* [WHAT THE EXERCISE ASKS]: Using the records below, copy exactly the part that opens with the line holding "Χειροποίητη αρωματική πασχαλινή" and closes with the line holding "The fact that", minus the pictures.

* [INPUT DATA]:
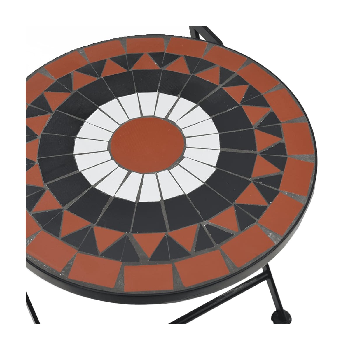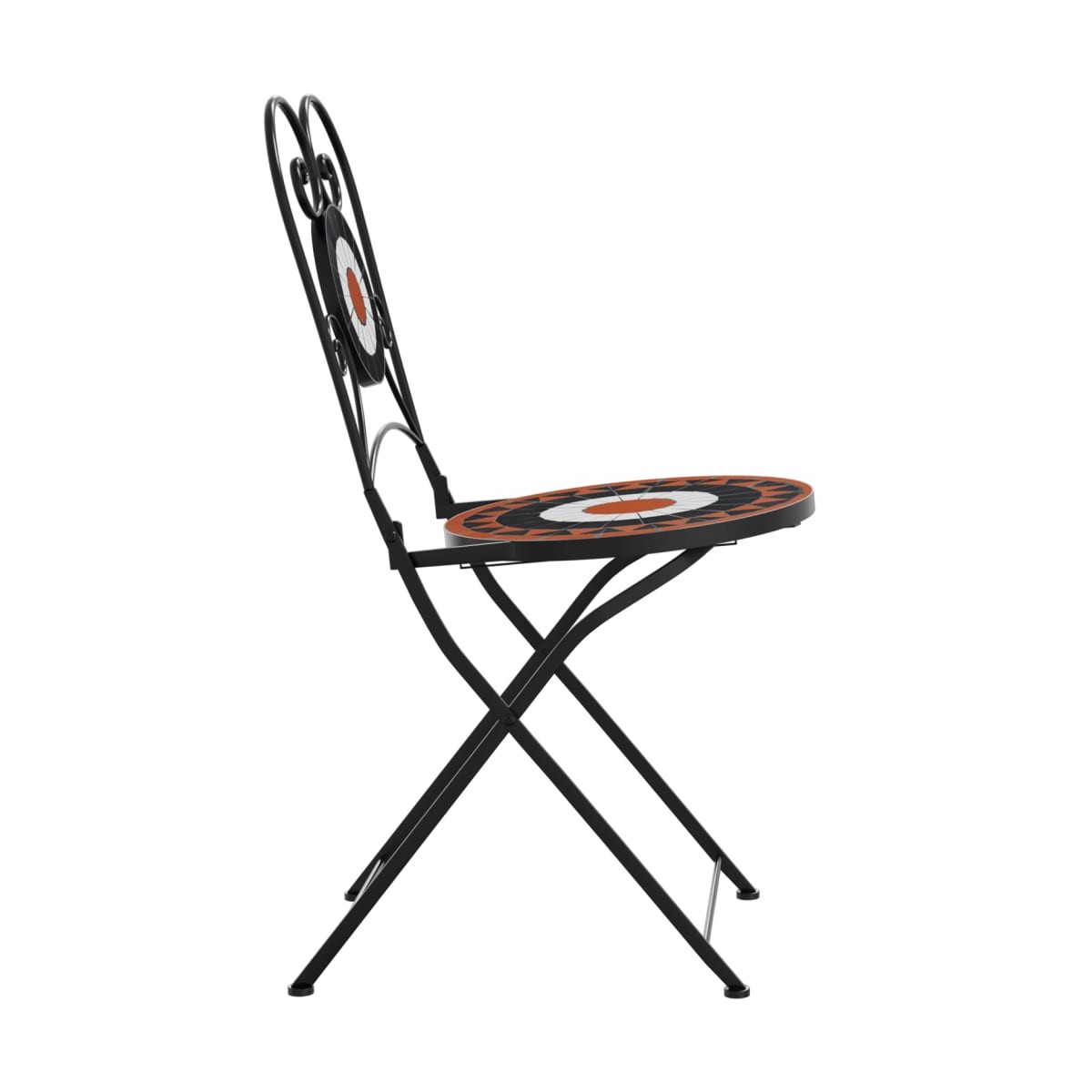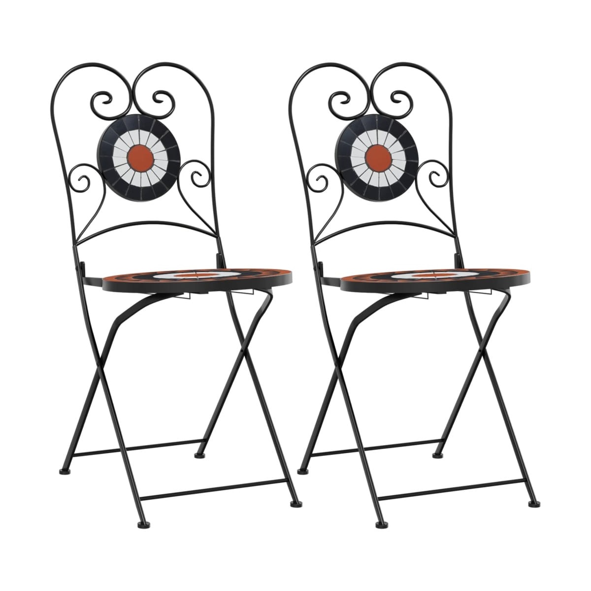 Estas sillas de bistró, con diseño de mosaico, se convertirán en el centro de atención de tu jardín, balcón o patio. Tablero estable y fácil de limpiar: Estas sillas de jardín tienen un tablero de cerámica que es resistente, duradero y fácil de limpiar con un paño húmedo.Estructura robusta y estable: La estructura de hierro con recubrimiento en polvo garantiza que las sillas plegables sean resistentes y estables para el uso diario en interiores o exteriores.Diseño plegable: La silla de comedor bistró también se puede plegar para ahorrar espacio cuando no está en uso.Diseño en mosaico: Las sillas de exterior ayudan a crear un ambiente mediterráneo en los entornos interiores o exteriores con el diseño de mosaico. Información útil:Para asegurarte de que tus muebles de exterior se mantengan hermosos, recomendamos protegerlos con una funda impermeable.
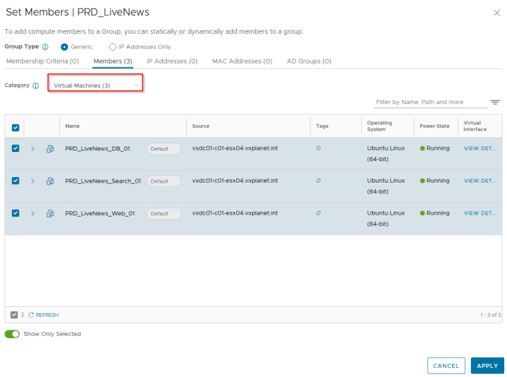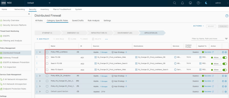We have pre-created a security group for this application called “PRD_LiveNews” in NSX manager with a static membership. Security groups for the tiers are not created, and will be done by SSP as part of csv import.
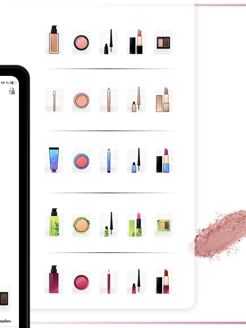 Face charts are used by makeup artists to come up with a new makeup look or test how different products combine with each other. Our app can be used by both amateurs and professionals. You can experiment with makeup or create your next look for an event.
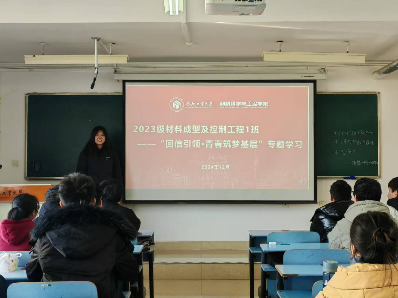 12月24日上午,新葡的京集团350vip8888官网组织材料成型及控制工程2023级1班团支部开展了主题为“回信领航·青春筑梦基层”的特色团支部活动。支部青年全部参与了本次团日活动。
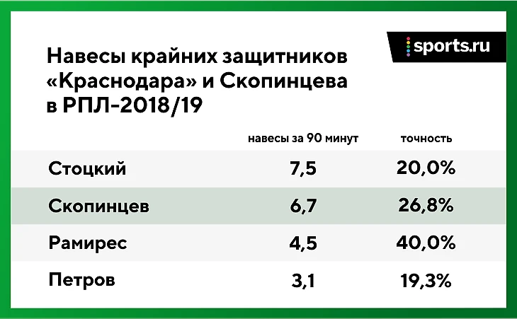 Скопинцев отдает 4,5 передачи в штрафную за 90 минут, основной левый защитник «Краснодара» Рамирес – 4,1. Из-за особенностей схемы и слабой позиционной атаки у «Ростова» передачи Скопинцева были не слишком разнообразны – из 61 передачи лишь 1 стала скрытым пасом назад (на Зуева в матче с «Крыльями Советов»). Характер передач Рамиреса немного другой: он сделал 7 вертикальных передач по флангу за спины защитникам, под которые забегали Классон, Перейра, Вандерсон и Куэва.
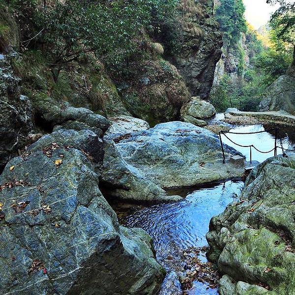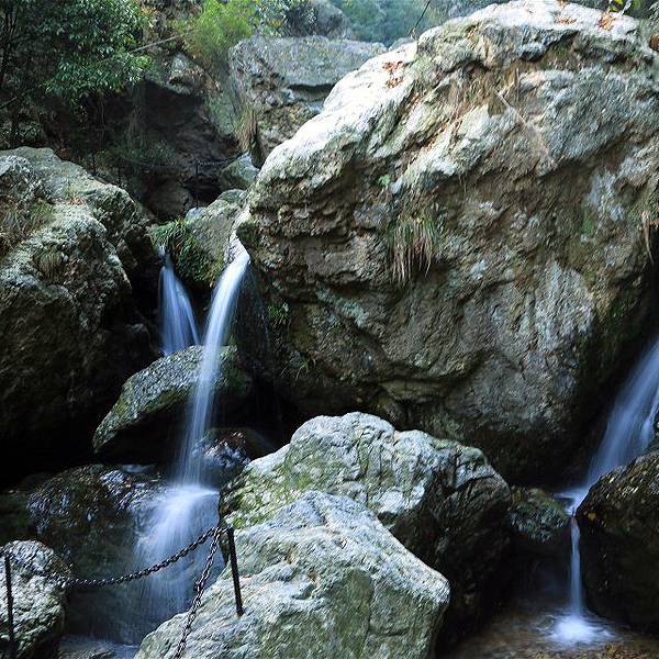 关山峡谷已开发的一部分长约1公里,谷底宽的地方有10多米,窄的地方3~5米,峡谷深约100米,溪流西东走向,落差近200米。峡谷两岸多是断壁悬崖,刀削斧劈一般,岩壁上长有许多灌木、藤蔓、苔藓等各类植物,一年四季,色彩斑斓,鸟语花香;崖顶上差天古木枝繁叶茂,郁郁葱葱,将峡谷遮的严严实实,抬头仰望,天空只留下窄窄的一线。峡谷内巨石林立,错落有致,形态各异,千奇百怪,无一不是出自大自然的鬼斧神工;平坦地段潺潺流淌的溪水清澈见底,许多小鱼儿在这里欢快地游弋;陡峭之处瀑布飞溅,水流拍击着岩石常常发出非常清脆悦耳的乐声;清晨水雾缭绕峡谷,金色霞光透过茂密的树叶映入谷内,景色更是美轮美奂。与其他许多峡谷相比,这里更秀美、更雄奇。它既是一个非常美丽的天然氧吧,又是炎炎夏日人们避暑的好去处,也是攀岩、溯溪的好所在,吸引着越来越多游客前来休闲避暑、旅游观光,也招来众多户外驴子们前往体验。
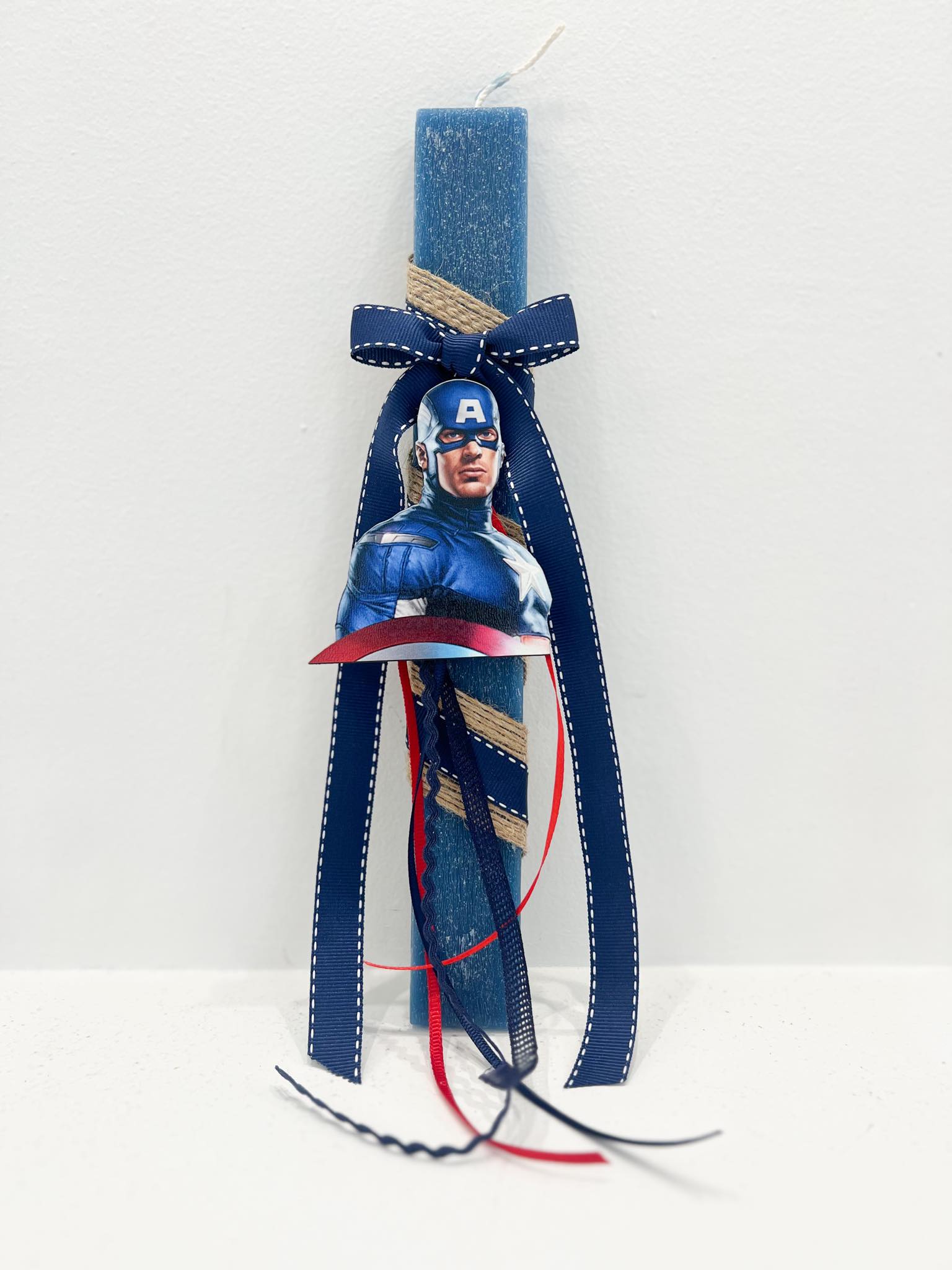 Χειροποίητη αρωματική πασχαλινή λαμπάδα με θέμα Captain America, διακοσμημένη με φιγούρα και κορδέλες. Ιδανική για το αγαπημένο σου βαφτιστήρι.
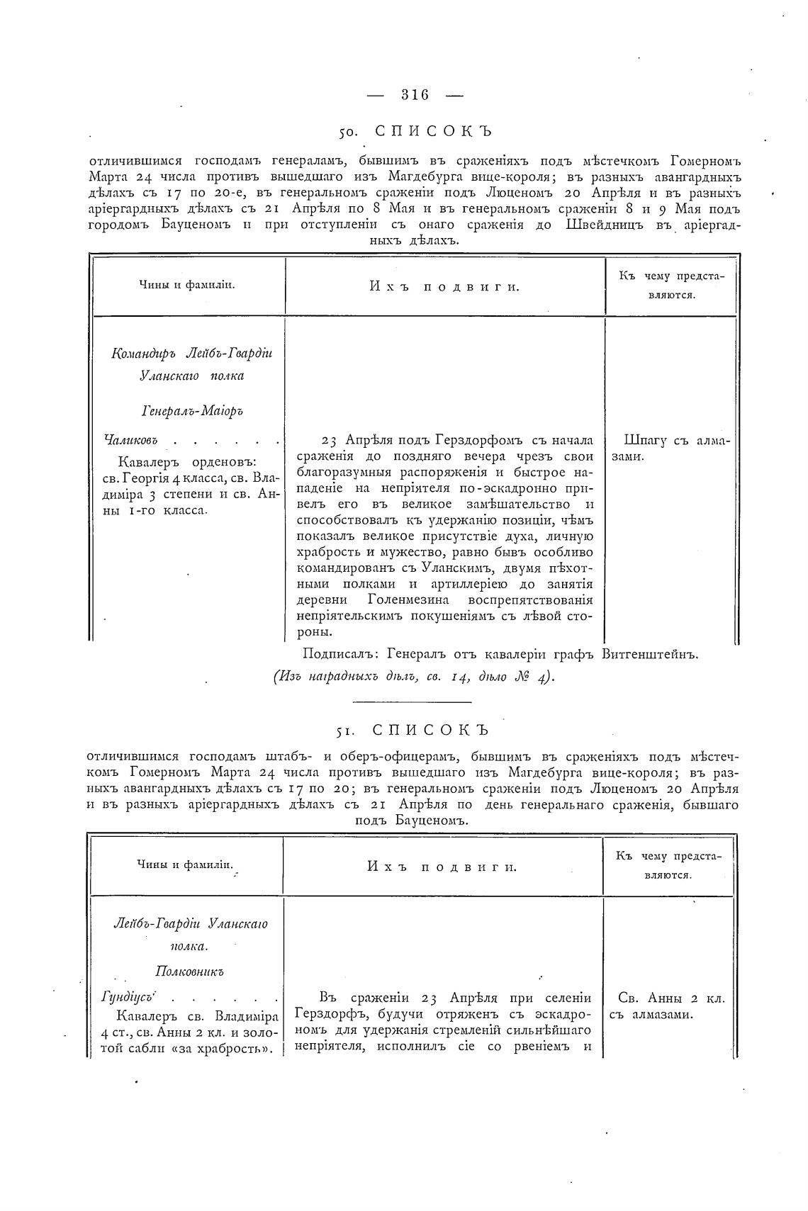 д±лахъ съ 17 по 20-е, въ генеральномъ сражеуЙи подъ Люценомъ 20 Апр±ля н въ разныхъ
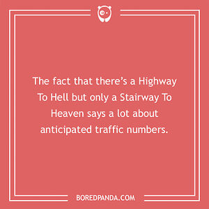 The fact that there’s a Highway To Hell but only a Stairway To Heaven says a lot about anticipated traffic numbers.
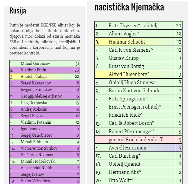 Na ovoj poveznici možete pronaći imena istaknutih pojedinaca rangiranih prema broju nevladinih organizacija - i niza ključnih korporacija - s kojima su (barem) povijesno sudjelovali. Sve u svemu, čini se da je ovo vrlo precizan "indeks utjecaja" kada je u pitanju, jednom zauvijek, i na prilično znanstveni način, identificiranje "moćnika". Fokus je na Zapadu, uključujući Izrael, no moguće je dobro naslutiti i situaciju u Rusiji.
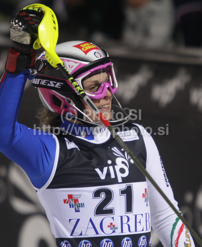 : Second placed Manuela Moelgg of Italy reacts in finish of second run of Women slalom race of Audi FIS alpine skiing World Cup in Zagreb, Croatia. Slalom race of Women Audi FIS Alpine skiing World Cup 2010-11, was held on Tuesday, 4th of January 2011, in Sljeme above Zagreb, Croatia.
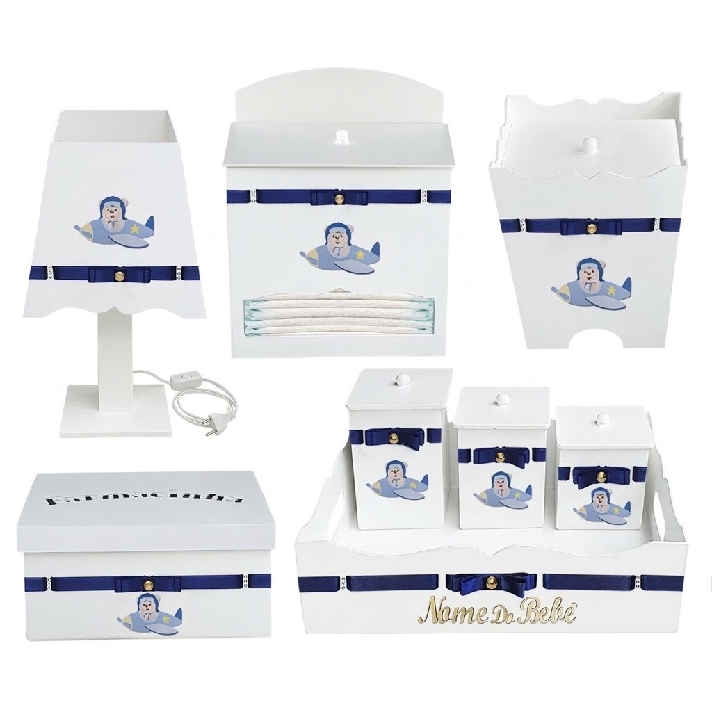 Kit de Higiene para Bebê Menino Tema Ursinho Aviador
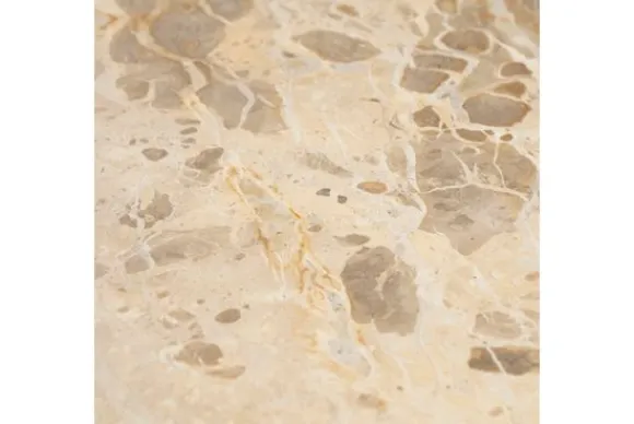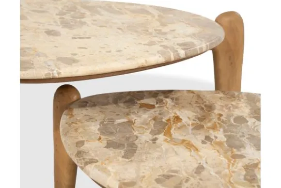 De combinatie van het gladde mangohout en het gepolijste marmer geeft de tafels een speelse uitstraling.
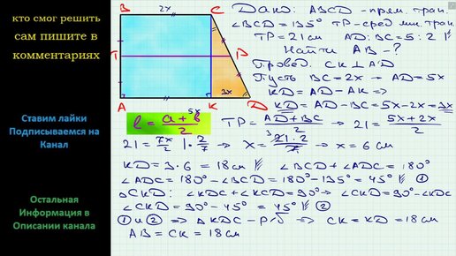 Геометрия Один из углов прямоугольной трапеции равен 135 средняя линия – 21 см а основания относятся как 5:2 Найдите меньшую боковую сторону
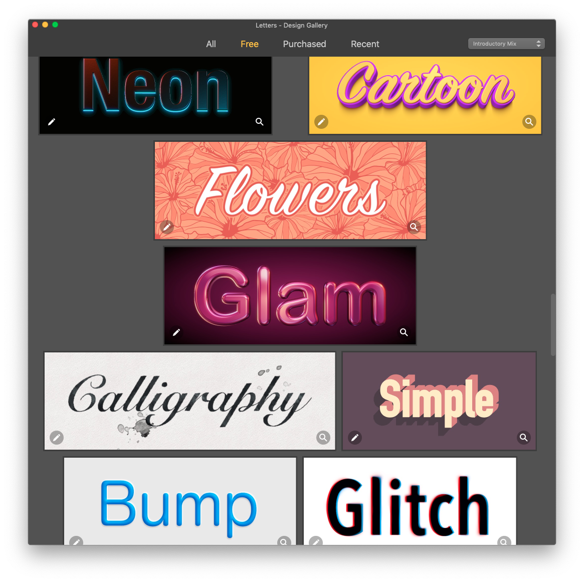 간단히 사용법을 살펴 보면 우선 앱을 켜게 되면 하단에 사용할 수 있는 템플릿 들이 뜨게 됩니다. 이제 구매 한 내역이 없으니 Free 를 눌러서 무료로 제공되는 템플릿들을 살펴 봅니다.
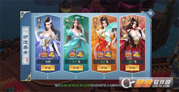 玩家每日可参与3次,根据拥有的护花令数量选择要护送的美女,越高级的美女护送成功可获得的经验越高,每天16:00-16:30、21:30-22:00开启双倍护送,收益更高!
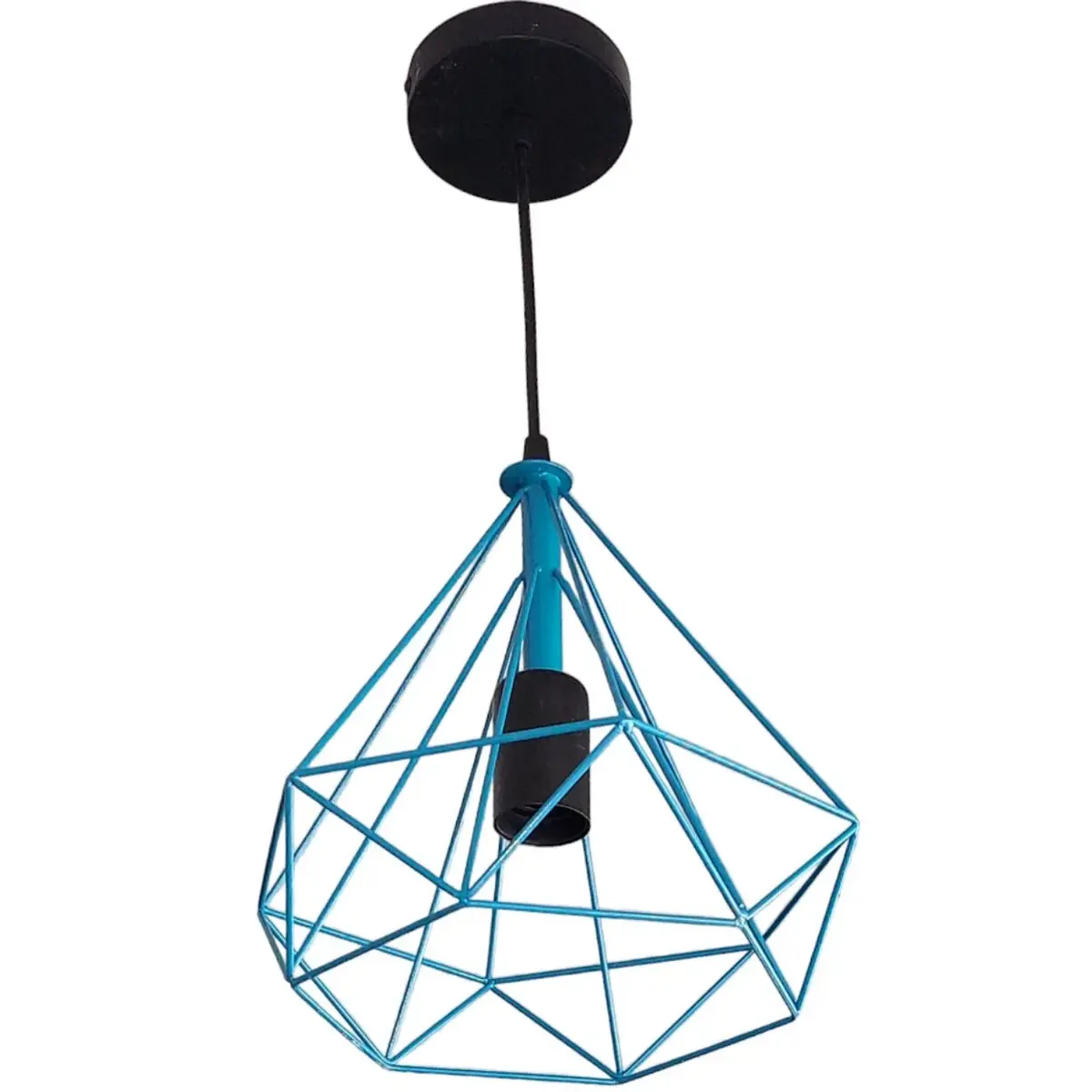 Το κρεμαστό φωτιστικό οροφής σχήματος διαμάντι σε μπλε χρώμα δίνει μια πολύ ωραία αισθητική στον χώρο.

* [SOLUTION TO THIS EXERCISE]:
 Χειροποίητη αρωματική πασχαλινή λαμπάδα με θέμα Captain America, διακοσμημένη με φιγούρα και κορδέλες. Ιδανική για το αγαπημένο σου βαφτιστήρι.
 д±лахъ съ 17 по 20-е, въ генеральномъ сражеуЙи подъ Люценомъ 20 Апр±ля н въ разныхъ
 The fact that there’s a Highway To Hell but only a Stairway To Heaven says a lot about anticipated traffic numbers.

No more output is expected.